自己回帰動画生成のためのオン方策敵対的フロー蒸留

要旨

自己回帰型ビデオ生成器は、ストリーミング、長期的、およびインタラクティブなアプリケーションにおいて魅力的であるが、強力なブラックボックス教師モデルを因果的な生徒モデルに蒸留することは依然として困難である。生徒モデルは自身のロールアウト分布のもとで学習しなければならないのに対し、実用的な教師モデルはプロンプトに条件付けられた完成済みビデオのみを公開し、アーキテクチャ、容量、時間設計、サンプリングスケジュールが異なる場合がある。このインターフェースにより、教師ありファインチューニングはオフ方策となり、スコアベースの蒸留は適用不可能となり、直接的な敵対的模倣はノイズ除去時のクレジット割り当てには疎すぎる。本論文では、異種ブラックボックスビデオ蒸留のためのオン方策フレームワークであるAdversarial Flow Distillation（AFD）を提案する。AFDは、同一のプロンプト上で教師モデルに問い合わせると同時に現在の生徒モデルをロールアウトし、プロンプト対を用いたBradley-Terry識別器を学習してクリーンサンプルにおける教師-生徒間の乖離を推定し、得られたオン方策アドバンテージを、生徒自身のノイズ付与状態に対する順方向プロセスフローマッチング更新に変換する。これにより、AFDは教師スコア、潜在変数、ノイズ除去軌跡、ステップ調整、逆連鎖強化学習を必要とせずに、密な速度場の教師信号を提供する。

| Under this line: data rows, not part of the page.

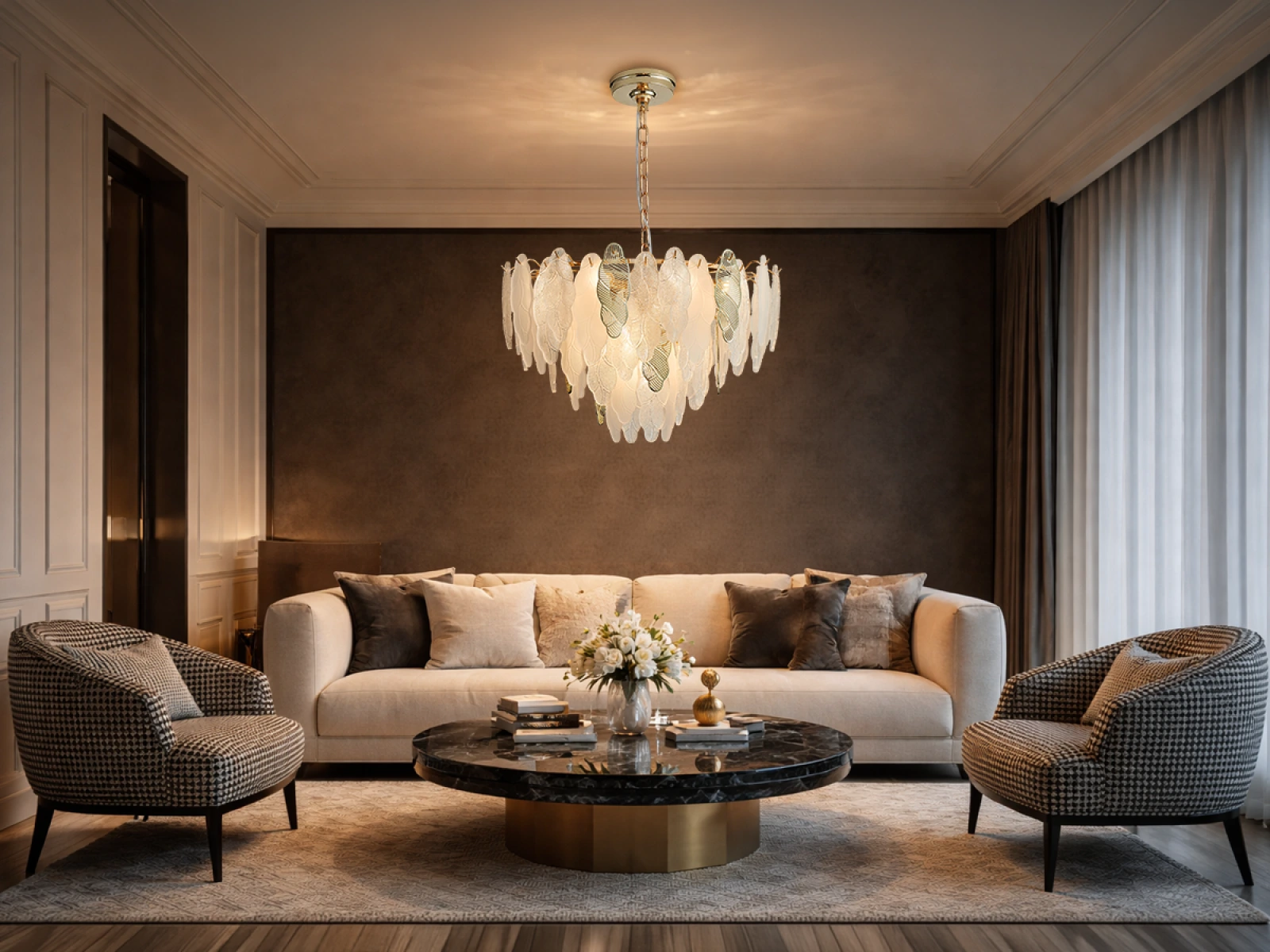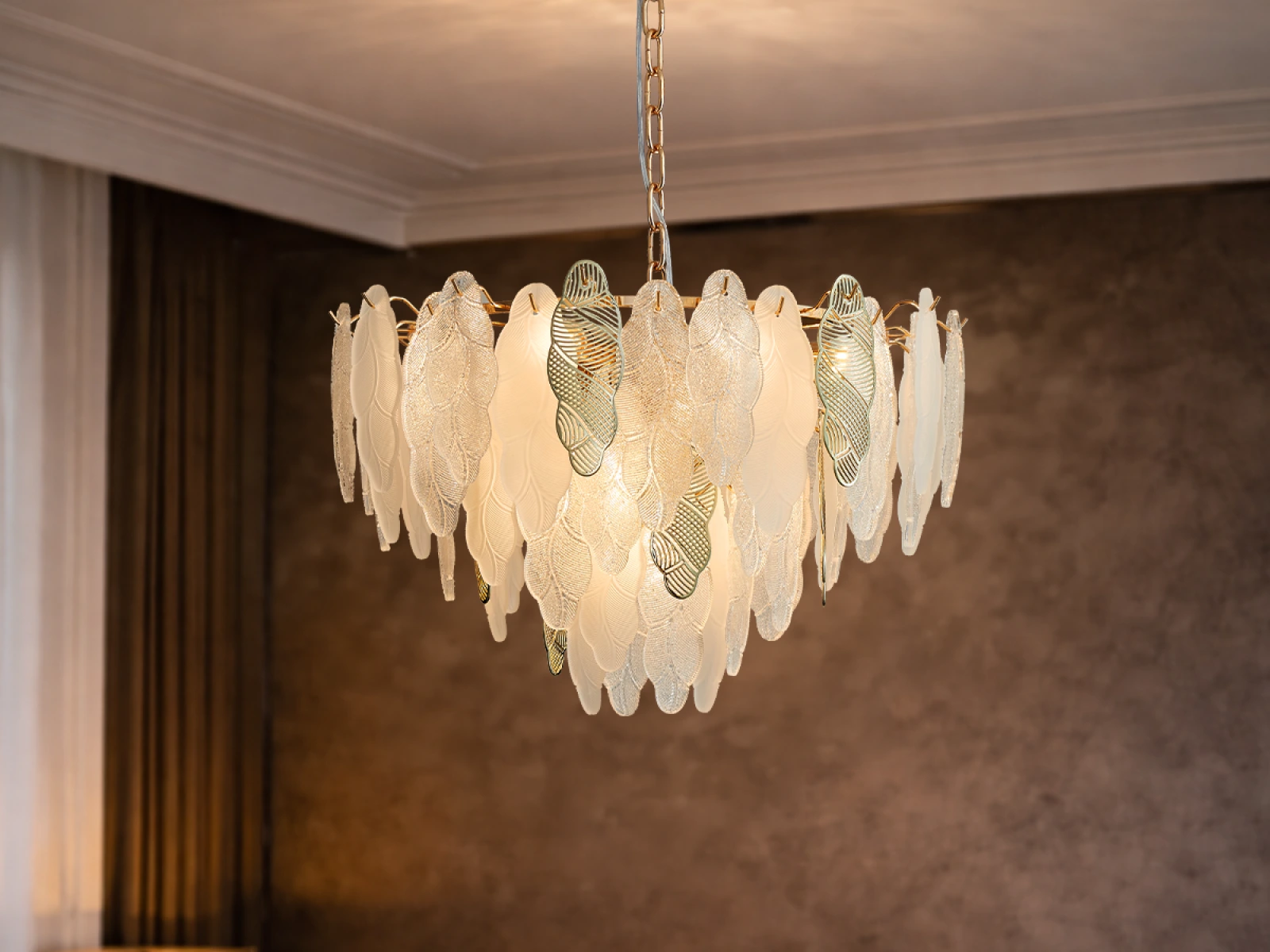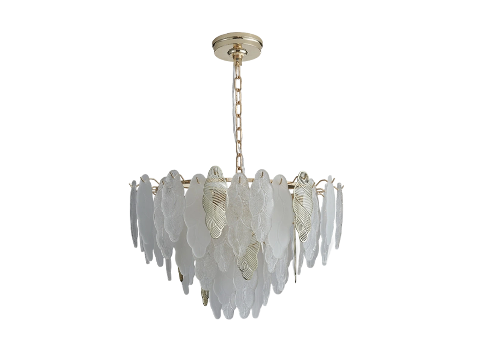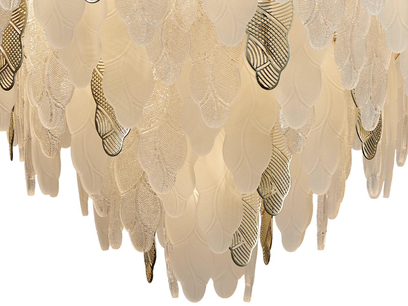 Jemná struktura skleněných prvků v kombinaci s dekorativními kovovými detaily podtrhuje luxusní a sofistikovaný charakter této kolekce.
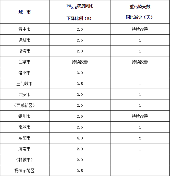 主要目標(biāo):穩(wěn)中求進(jìn),推進(jìn)環(huán)境空氣質(zhì)量持續(xù)改善,汾渭平原全面完成2019年環(huán)境空氣質(zhì)量改善目標(biāo),協(xié)同控制溫室氣體排放,秋冬季期間(2019年10月1日至2020年3月31日),PM2.5平均濃度同比下降3%,重度及以上污染天數(shù)同比減少3%(詳見附件1)。
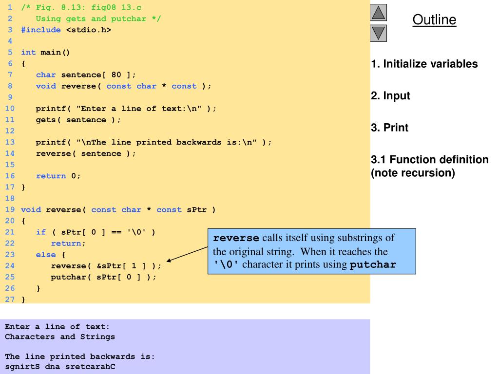 1 /* Fig. 8.13: fig08_13.c 2 Using gets and putchar */ 3 #include <stdio.h> 4 5 int main() 6 { 7 char sentence[ 80 ]; 8 void reverse( constchar * const ); reverse calls itself using substrings of the original string. When it reaches the '\0' character it prints using putchar 9 10 printf( "Enter a line of text:\n" ); 11 gets( sentence ); 12 13 printf( "\nThe line printed backwards is:\n" ); 14 reverse( sentence ); 15 16 return 0; 17 } 18 19 void reverse( constchar * const sPtr ) 20 { 21 if ( sPtr[ 0 ] == '\0' ) 22 return; 23 else { 24 reverse( &sPtr[ 1 ] ); 25 putchar( sPtr[ 0 ] ); 26 } 27 } 1. Initialize variables 2. Input 3. Print 3.1 Function definition (note recursion) Enter a line of text: Characters and Strings The line printed backwards is: sgnirtS dna sretcarahC
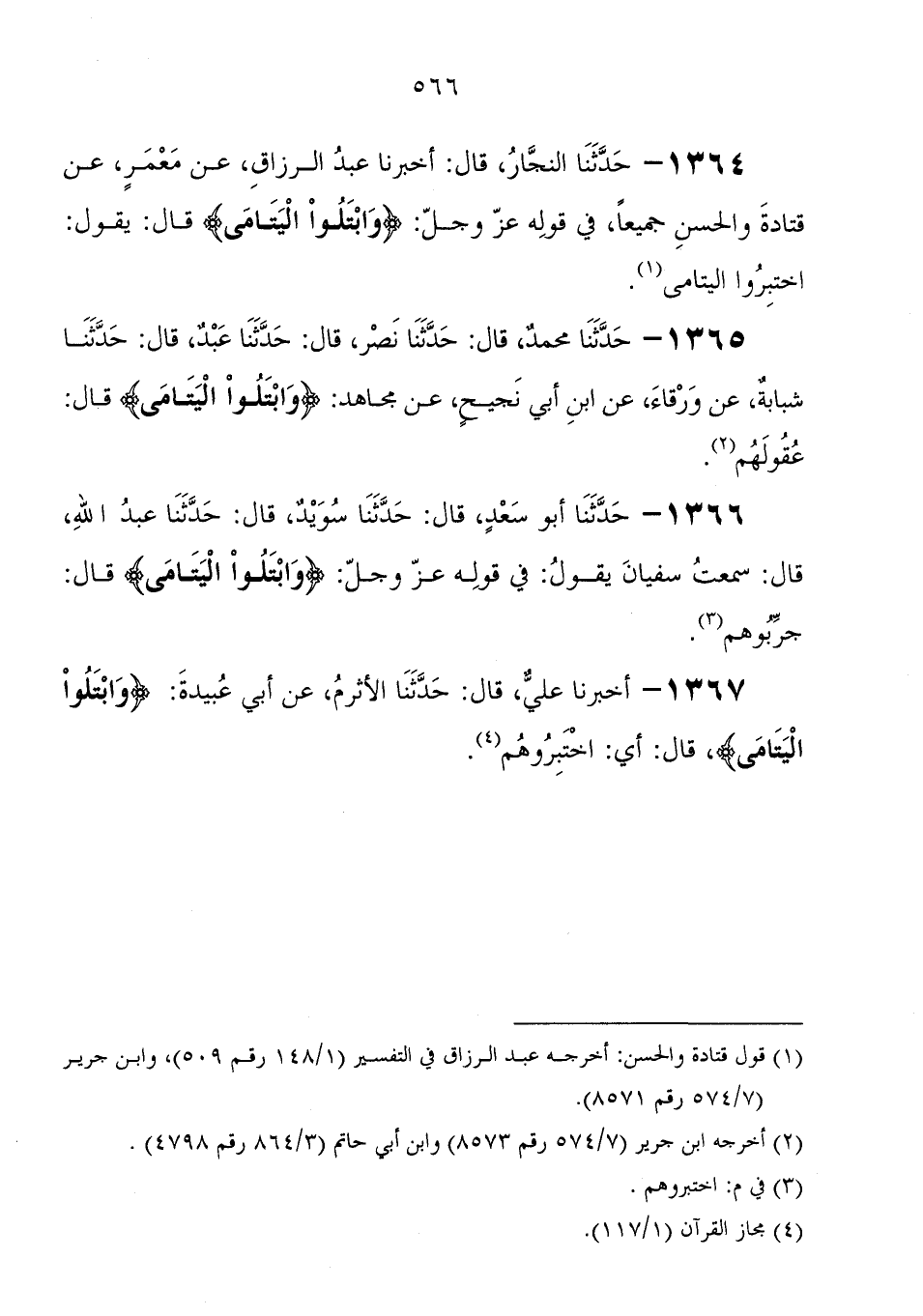 1364 - حَدَّثَنَا النجار، قَالَ: أَخْبَرَنَا عَبْد الرزاق، عَنْ معمر، عَنْ قتادة والحسن جميعا، فِي قوله عَزَّ وَجَلَّ " {وَابْتَلُوا الْيَتَامَى} قَالَ: يَقُول: اختبروا اليتامى "
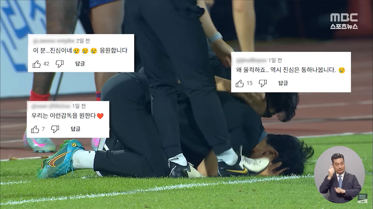 하지만 선수가 아닌 코칭스태프가 울음을 터뜨리는, 그것도 오열하는 장면은 축구 팬들도 쉽게 보지 못했을 겁니다.
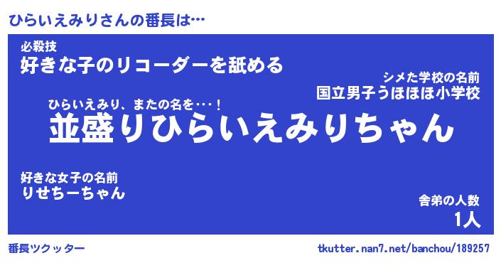 | ヒーロー風カッコイイあだ名 | 『スーパーヒライエミリ』『幻影騎士ヒラ』 |
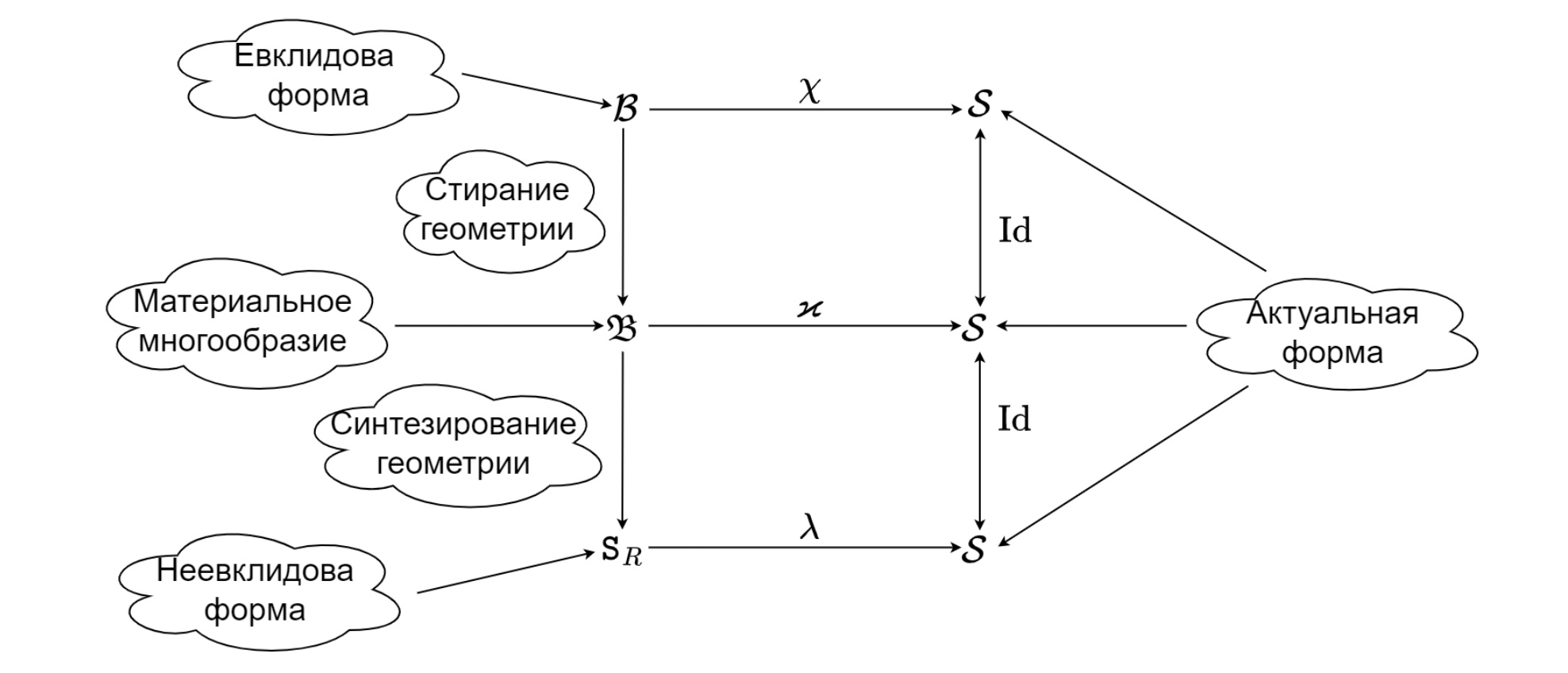 которая также характеризует изменение формы и потому для нее по-прежнему используется термин «деформация». Отметим, что в силу связей, установленных между формами, предполагается, что произвольной можно выбрать любую из пар , и . Третий элемент, соответственно , и , определяется из композиции (2.9).
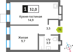 21.3 - 61.6 м²
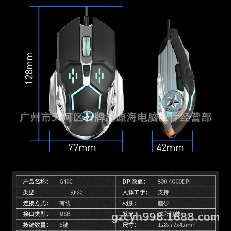 Jianshengzu G400 wired USB mouse 6D variable speed colorful luminous business office weaving line game Mouse
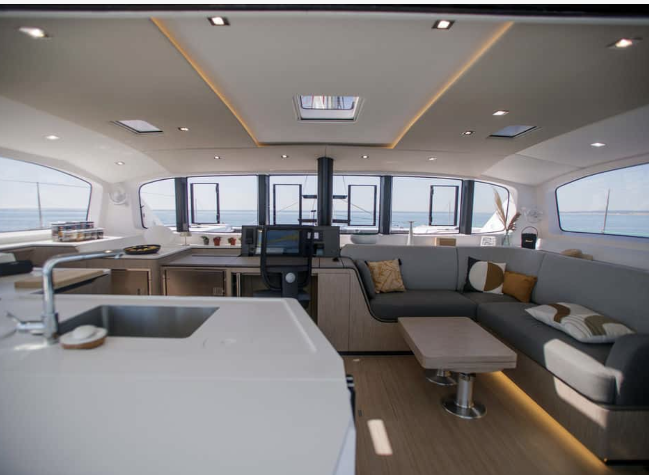 So, when Outremer set out to design a model that could replace the 51, they took a lot of what they had learned in the 55 and applied it to the new smaller cat. The result is a kind of hybrid of the 55 and the 51, yet it is a completely new boat.
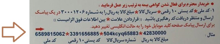همانطور که در برگه برای مشتری توضیح داده شده از سمت چپ به راست شروع کرده اول کدملی و بعد ستاره * و کدپستی 10 رقمی و بعد ستاره * و شماره سریال کالا و در اخر ستاره * و مبلغ کالا به ریال را در یک پیامک نوشته و به شماره 30001206 پیامک کنید .
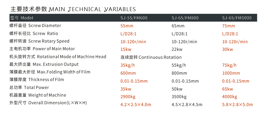 本機(jī)組擠出機(jī),機(jī)筒、螺桿均采用優(yōu)質(zhì)合金鋼,經(jīng)氮化處理和精密加工,具有較高的硬度和耐腐蝕性,特殊設(shè)計(jì)的螺桿產(chǎn)量高,塑化好。適用于吹制低密度聚乙烯(HDPE)線性低密度聚乙烯(LLDPE) 等塑料薄膜,廣泛應(yīng)用于食品、服裝、垃圾袋、背心袋等民用及工業(yè)包裝。

二つの因果的自己回帰生徒モデルファミリーにわたる実験により、AFDは一般的なビデオ品質を維持しつつ、動作および物理に敏感な生成を一貫して改善し、アブレーション実験は適応的なオン方策フィードバックと順方向プロセスクレジット割り当ての重要性を検証する。本手法は、クリーンな教師ビデオと生徒ロールアウトのみを必要とし、プロプライエタリまたは異種のビデオ生成器を効率的な自己回帰型生徒モデルに蒸留する実用的な経路を提供する。

English

Autoregressive video generators are attractive for streaming, long-horizon, and interactive applications, but distilling strong black-box teachers into causal students remains difficult. The student must learn under its own rollout distribution, whereas practical teachers may expose only prompt-conditioned completed videos and may differ in architecture, capacity, temporal design, and sampling schedule. This interface makes supervised fine-tuning off-policy, score-based distillation inapplicable, and direct adversarial imitation too sparse for denoising-time credit assignment. We propose Adversarial Flow Distillation (AFD), an on-policy framework for heterogeneous black-box video distillation. AFD queries the teacher and rolls out the current student on the same prompts, trains a prompt-paired Bradley-Terry discriminator to estimate clean-sample teacher-student discrepancy, and converts the resulting on-policy advantage into forward-process flow-matching updates on the student's own noised states. Thus, AFD provides dense velocity-field supervision while requiring no teacher scores, latents, denoising trajectories, step alignment, or reverse-chain reinforcement learning. Experiments across two causal AR student families show that AFD consistently improves motion- and physics-sensitive generation while preserving general video quality, and ablations validate the importance of adaptive on-policy feedback and forward-process credit assignment. The method requires only clean teacher videos and student rollouts, providing a practical route for distilling proprietary or heterogeneous video generators into efficient autoregressive students.